Comment: In the fourth season of Search Party, the poster, influencer and monster journey is a slippery slope

Much has been done Search team as an exclusively millennial program, as if it were a brunch phrase in which you can watch other people perform. It is true that the HBO Max comedy – initially about finding a missing acquaintance – is absolutely drenched in the iconography of privileged millennials; his world is Instagram friendly and the characters are all in a self-interest relationship with New York City. But it is also a program with a world view exclusively online: where everything, no matter how remote, is happening to you, personally, all the time.

The new season of Search team, which debuted last week, starts in a totally different place than the series started. Unbeknownst to her friends, the protagonist Dory Sief (Alia Shawkat) is being held hostage by an obsessed fan trapped in her basement. Her friends, on the other hand, are frankly too busy to realize that she is missing. They are dealing with a wave of newfound notoriety after literally escaping unpunished from a murder that took place on the show’s first season. (Later seasons recorded this fallout.) The public trial in Season 3 gave Dory and his friends – his ex Drew (John Reynolds) and his best friends Elliott (John Early) and Portia (Meredith Hagner) – a degree of fame that they never had before, and this latest crop of episodes shows that they’re getting used to it.

For Portia and Elliott, that notoriety is all they ever wanted, and they happily use it to sell themselves: the former for a role in the film adaptation of their ordeal, the latter as a conservative analyst. Drew, plagued by self-pity, leaves the city in an attempt to live in obscurity. Dory, on the other hand, languishes alone. It is a very good joke to attribute the survival of a protagonist to her hopelessly narcissistic friends.

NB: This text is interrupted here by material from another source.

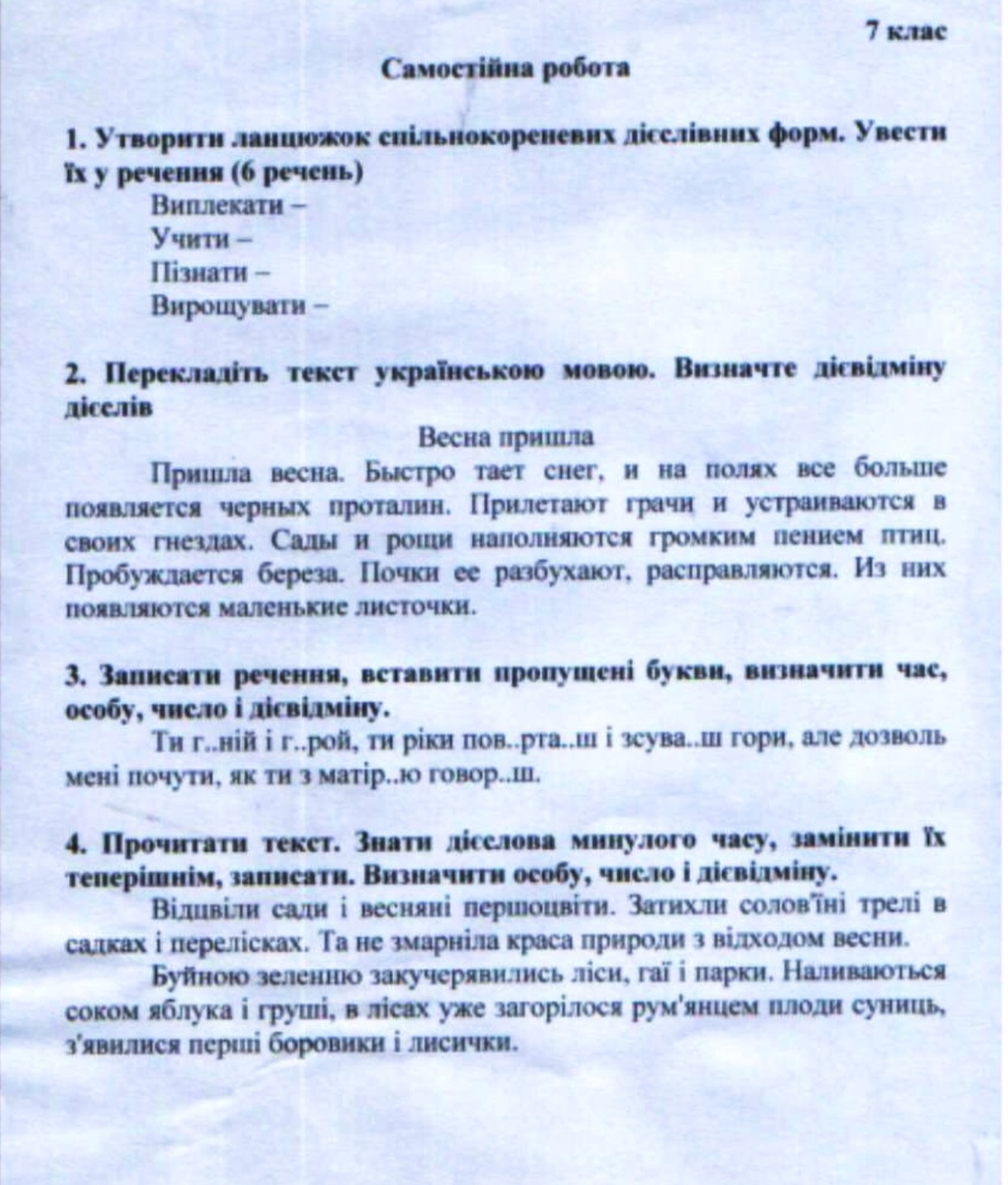 Прийшла весна. Швидко тане сніг, і на полях все більше з'являється чорних таловин. Прилітають грачі і влаштовуються у своїх гніздах. Сади і рощі наповнюються голосним співом птахів. Пробуджується береза. Бруньки її розбухають, розправляються. З них з'являються маленькі листочки.

Although this season is more inclined to the suspense aspects of the show, Search team it is still decidedly a comedy that keeps its knives aimed at its themes – the millennium generation spoiled and ruined by the internet that it loves to post. While most of the program’s plot is concerned with IRL actions, like going to places and talking to people, its fascination is closely related to the thrill of posting and the heady effect of being able to mitigate itself in the eyes of an increasing number of followers.

But the life of posting is dangerous. Search team, among other things, is a slow motion horror story about how the ancient snake eats its own tail. Fundamentally, it is a show about what happens when we believe the lies we tell about ourselves and what happens when those same lies expand and make contact with an impressionable audience.

In his scenes that take place in the basement of a crazed fan, Search team it becomes a series about what happens when other people take the lies you told about yourself as gospel truths – about the suffocating vacuum that remains when you realize that people stopped caring about what is real a long time ago . At the center of all this is Sief: poster that became an influencer and turned into a monster, absolved by the public, but condemned by her own conscience. She is also trapped by the kind of parasocial relationship she has formed with her missing classmate and then encouraged others to build with. her.

It’s important to note that Dory doesn’t publish much Search team. Even so, the reducing perspective of social media is still the way she and her friends interact with the world: everything is a place to be seen or not to be seen; there are names to mark along with the constant negotiation between their occupations and their ambitions.

None of this is terribly different from the way young people on the rise have navigated New York City in popular culture – could you say similar things about Sex and the City – but Search team focus your satire on how quickly millennial life has proved that a consumer lifestyle can quickly become consumed.